** Opening Data block block **

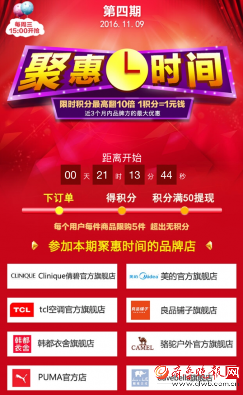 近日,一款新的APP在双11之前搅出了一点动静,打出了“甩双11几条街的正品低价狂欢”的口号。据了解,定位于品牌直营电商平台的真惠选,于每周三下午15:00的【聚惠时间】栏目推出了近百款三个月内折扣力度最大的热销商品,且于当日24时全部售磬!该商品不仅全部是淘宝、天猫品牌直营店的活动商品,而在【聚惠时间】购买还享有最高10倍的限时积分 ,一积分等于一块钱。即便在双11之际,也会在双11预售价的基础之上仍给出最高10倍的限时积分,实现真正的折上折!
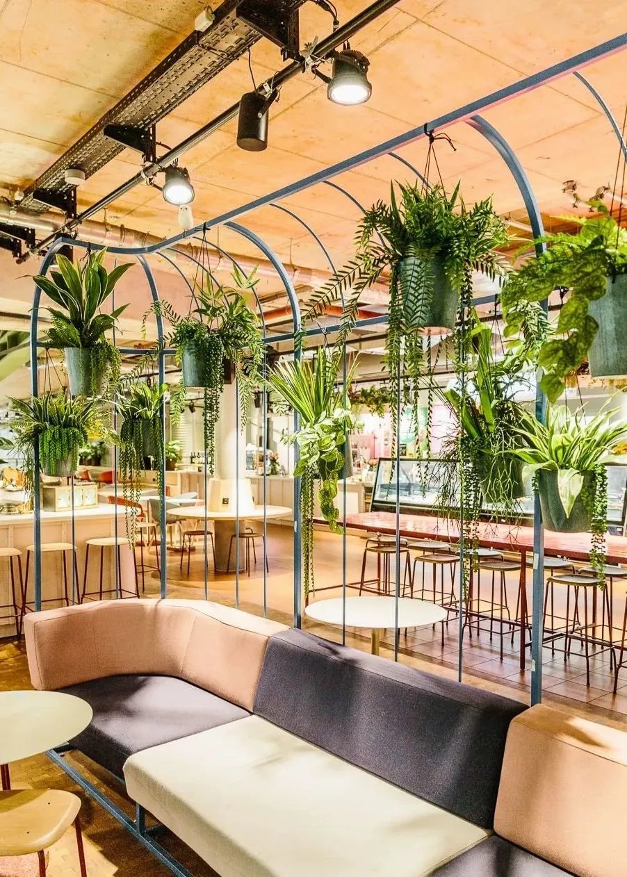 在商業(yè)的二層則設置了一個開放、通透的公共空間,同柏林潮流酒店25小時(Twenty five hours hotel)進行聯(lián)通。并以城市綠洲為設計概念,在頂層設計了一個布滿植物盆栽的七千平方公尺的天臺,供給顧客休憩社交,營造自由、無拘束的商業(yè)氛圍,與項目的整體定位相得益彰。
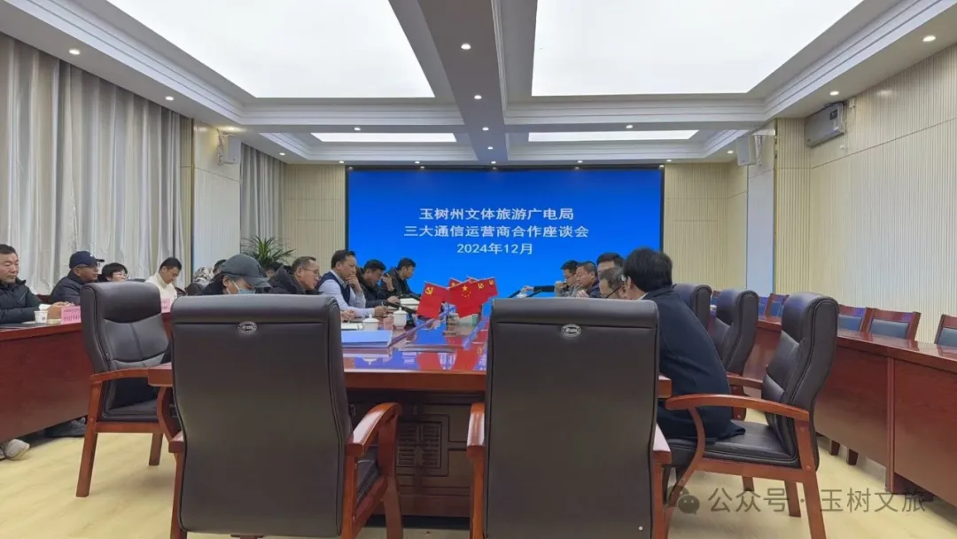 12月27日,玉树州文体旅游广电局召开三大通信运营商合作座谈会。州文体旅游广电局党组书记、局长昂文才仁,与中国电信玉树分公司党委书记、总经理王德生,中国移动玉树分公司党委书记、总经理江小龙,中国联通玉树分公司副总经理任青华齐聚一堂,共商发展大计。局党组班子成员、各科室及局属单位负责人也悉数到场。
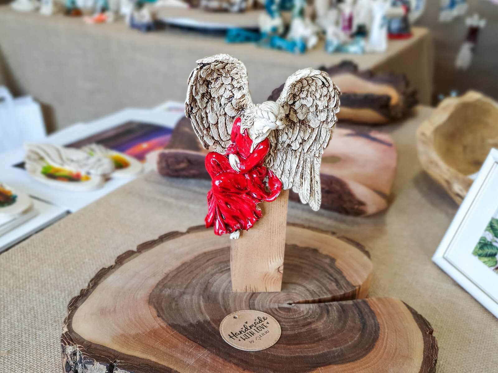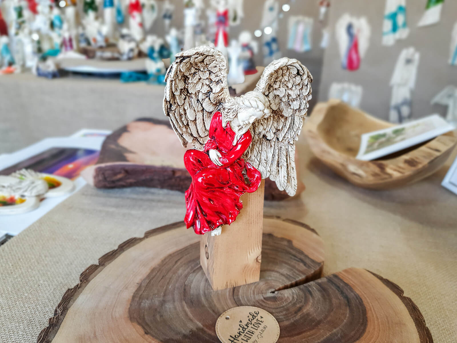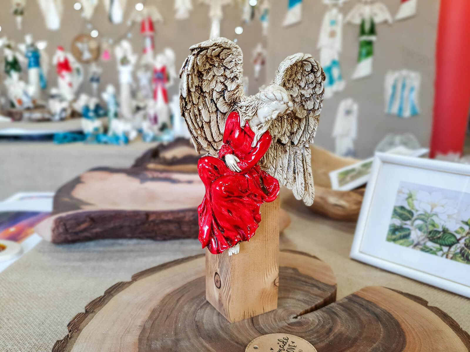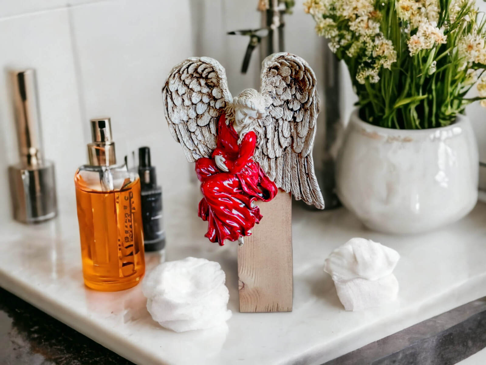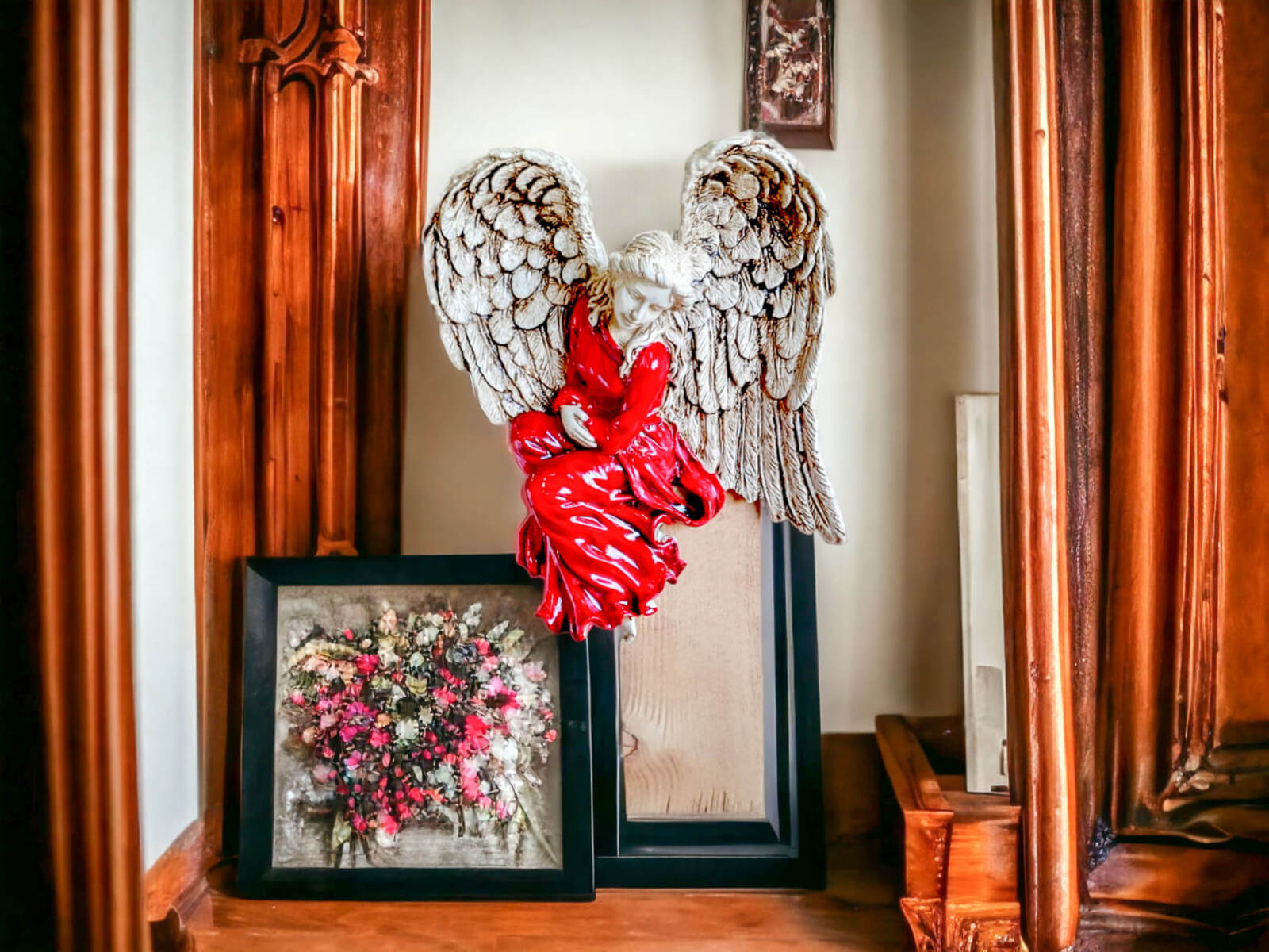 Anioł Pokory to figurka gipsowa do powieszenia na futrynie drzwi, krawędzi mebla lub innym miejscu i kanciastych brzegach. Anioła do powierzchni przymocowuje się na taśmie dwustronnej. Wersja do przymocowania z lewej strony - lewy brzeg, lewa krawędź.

** Closing Data block block **

All of the material shown above needs to be duplicated exactly. Omit every picture.

Response to the task:
 近日,一款新的APP在双11之前搅出了一点动静,打出了“甩双11几条街的正品低价狂欢”的口号。据了解,定位于品牌直营电商平台的真惠选,于每周三下午15:00的【聚惠时间】栏目推出了近百款三个月内折扣力度最大的热销商品,且于当日24时全部售磬!该商品不仅全部是淘宝、天猫品牌直营店的活动商品,而在【聚惠时间】购买还享有最高10倍的限时积分 ,一积分等于一块钱。即便在双11之际,也会在双11预售价的基础之上仍给出最高10倍的限时积分,实现真正的折上折!
 在商業(yè)的二層則設置了一個開放、通透的公共空間,同柏林潮流酒店25小時(Twenty five hours hotel)進行聯(lián)通。并以城市綠洲為設計概念,在頂層設計了一個布滿植物盆栽的七千平方公尺的天臺,供給顧客休憩社交,營造自由、無拘束的商業(yè)氛圍,與項目的整體定位相得益彰。
 12月27日,玉树州文体旅游广电局召开三大通信运营商合作座谈会。州文体旅游广电局党组书记、局长昂文才仁,与中国电信玉树分公司党委书记、总经理王德生,中国移动玉树分公司党委书记、总经理江小龙,中国联通玉树分公司副总经理任青华齐聚一堂,共商发展大计。局党组班子成员、各科室及局属单位负责人也悉数到场。
 Anioł Pokory to figurka gipsowa do powieszenia na futrynie drzwi, krawędzi mebla lub innym miejscu i kanciastych brzegach. Anioła do powierzchni przymocowuje się na taśmie dwustronnej. Wersja do przymocowania z lewej strony - lewy brzeg, lewa krawędź.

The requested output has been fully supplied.